Be very careful when shaking a Thetford lavatory. Vigorous shaking can damage the sensor that lets you know if it's full.

Definitely not recommended. A gentle shake is the safest bet.


----------



## nicholsong

So, without shaking at all, how long is needed before it can be emptied without a problem? - toughest case situation, if you get my meaning!

Geoff


----------



## Hobbyfan

nicholsong said:


> So, without shaking at all, how long is needed before it can be emptied without a problem? - toughest case situation, if you get my meaning!
> 
> Geoff


I'm not sure what you're worried about. You can empty it five minutes after you've last used, it as long as you empty it in the correct place. The solids don't have to have broken down.

If your deposits are too big to exit the snout of the typical chemical loo then you need to have a chat with your doctor! 

Sorry to be a bit graphic but I can't think of a nicer way to put it!


----------



## nicholsong

Thanks Hobbyfan

The Surgery appointments line is busy at the moment, but the Pharmacy say they have lots of Syrup of Figs!

Geoff


----------



## Telbell

> Vigorous shaking can damage the sensor that lets you know if it's full.


I've never had a caravan or motorhome where the sensor has worked for more than a month-no doubt because I'm a vigorous shaker :roll:

Having said that I can easily tell when it's full without a "sensor" :lol:


----------



## rayrecrok

Err!, this is a sh#t topic.


----------



## bigbazza

Does anyone know what key Beethoven's 5th symphony is in?


----------



## Spacerunner

bigbazza said:


> Does anyone know what key Beethoven's 5th symphony is in?


Depends which port you're in.


----------



## Hobbyfan

bigbazza said:


> Does anyone know what key Beethoven's 5th symphony is in?


I know that I'm going to end up kicking myself here but it's in C Minor. I'm trying like mad to think of the joke!


----------



## machilly

I was pretty sceptical about a previous thread on a similar vein, having used a really good biological toilet product since I started full timing 3 years ago, I thought Detergent , someone is having a laugh, but I tried it, I used the Teso Bio, 2 capfuls,all I can say is I am converted, not only has it dissolved the toilet paper and the solids, but a lot of the scale that has built up since we bought the van (5 Years ago) has started to disappear, cost is a lot lower also.
So thanks to all the MHF'ers that had the courage to try it in the initial stages.

regards


----------



## bigbazza

bigbazza said:


> Does anyone know what key Beethoven's 5th symphony is in?


Just as I thought, most of you know more about Sh*t than good music


----------



## rayrecrok

bigbazza said:


> bigbazza said:
> 
> 
> 
> Does anyone know what key Beethoven's 5th symphony is in?
> 
> 
> 
> Just as I thought, most of you know more about Sh*t than good music
Click to expand...

Hi.
I always thought it was the same key as when you drop a piano down a mine shaft.

A flat miner.


----------



## bigbazza




----------



## bazzeruk

As a brand new motorhomer, this post is really useful - not a subject you feel you can ask friends about at a dinner party!!

Please can I be sure I have this right - you can use any bio washing liquid (some seem to work better thasn others) that you would normally put in a washing machine - or even tablets? If tablets how many? I have a rapido 9 series so I would imagine the tank would be one of the larger ones?
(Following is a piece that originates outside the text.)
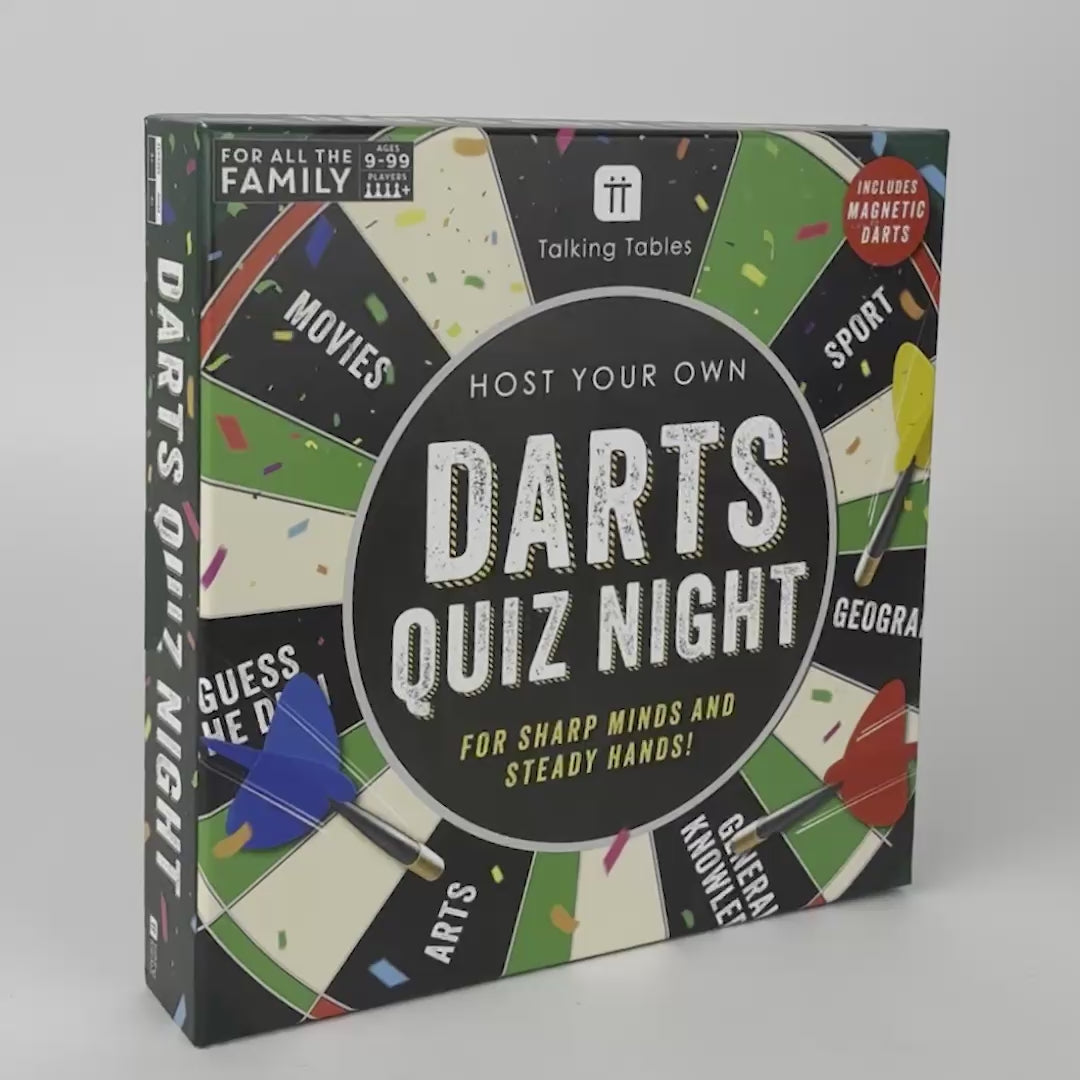 Bring the banter, bullseyes and brainpower to your customers’ games night with the Host Your Own Quiz Night Darts Game. Inspired by the rising popularity of darts both on screen and in pubs, this lively game combines the thrill of throwing darts with the challenge of a classic quiz. Wherever the dart lands determines the quiz category, while hitting the bullseye lets players steal points from their rivals — adding a competitive twist that guarantees laughs and friendly rivalry. Made using FSC materials, this reusable set is perfect for nights of fun with family and friends.

I was thinking of going for a SOG, but it seems a lot of money especially if, as someone is saying, they still use a detergent anyway, because of the smell when emptying?


----------



## Chudders

Whilst I would like to give it a go and use bio, what is meant in various posts by for example a couple of cap fuls. Is that the cap that comes with the liquid or the thetford cassette cap.


----------



## Mike48

I use one cassette capful of Tesco Biological value washing liquid. It works well in all temperatures and costs about £1 for a litre.


----------



## 96706

I fill both our old green & pink thetford bottles with the bio liquid ( 4 of these are fitted in the thetford base unit and are accessable when you remove the cassette for emptying). 
I then use 1 division ( marked on the side of the little bottles) each time I refresh the cassette. 
This seems to work well, but at the cost of the bio, it's not a fortune if you want to increase the dosage. :lol:


----------



## busterbears

Bazzeruk, also very new to this ourselves, but after reading lots on here i didn't even bother trying the sample chemicals that were supplied and went straight for Tesco Bio Liquid for the cassette and Tesco own brand sterilising fluid for the flush tank. Toilet smells nice, bowl keeps clean. Had 2 weekends away so far and emptied the cassette no problem on leaving both times. Would have just bought the expensive stuff had i not read all the helpful advice on here.


----------



## bazzeruk

Thanks busterbears. How much do you put in? Don't think I have a seprate flush tank. Cheers


----------



## Sprinta

good I'll give the bio-liquid a go next time - or at least once I've used the 6 litres of blue goo I've just bought with my truck


----------



## busterbears

I put 2 capfuls of the liquid in the cassette (using the cassette capful) with some water and give it a shoogle and 1 capful of the sterilising fluid in the flush tank (using the cap lid off the sterilising liquid. Just add the sterilising liquid to the water before you fill the flush. When you say you don't have a separate flush tank, where is the flush water coming from?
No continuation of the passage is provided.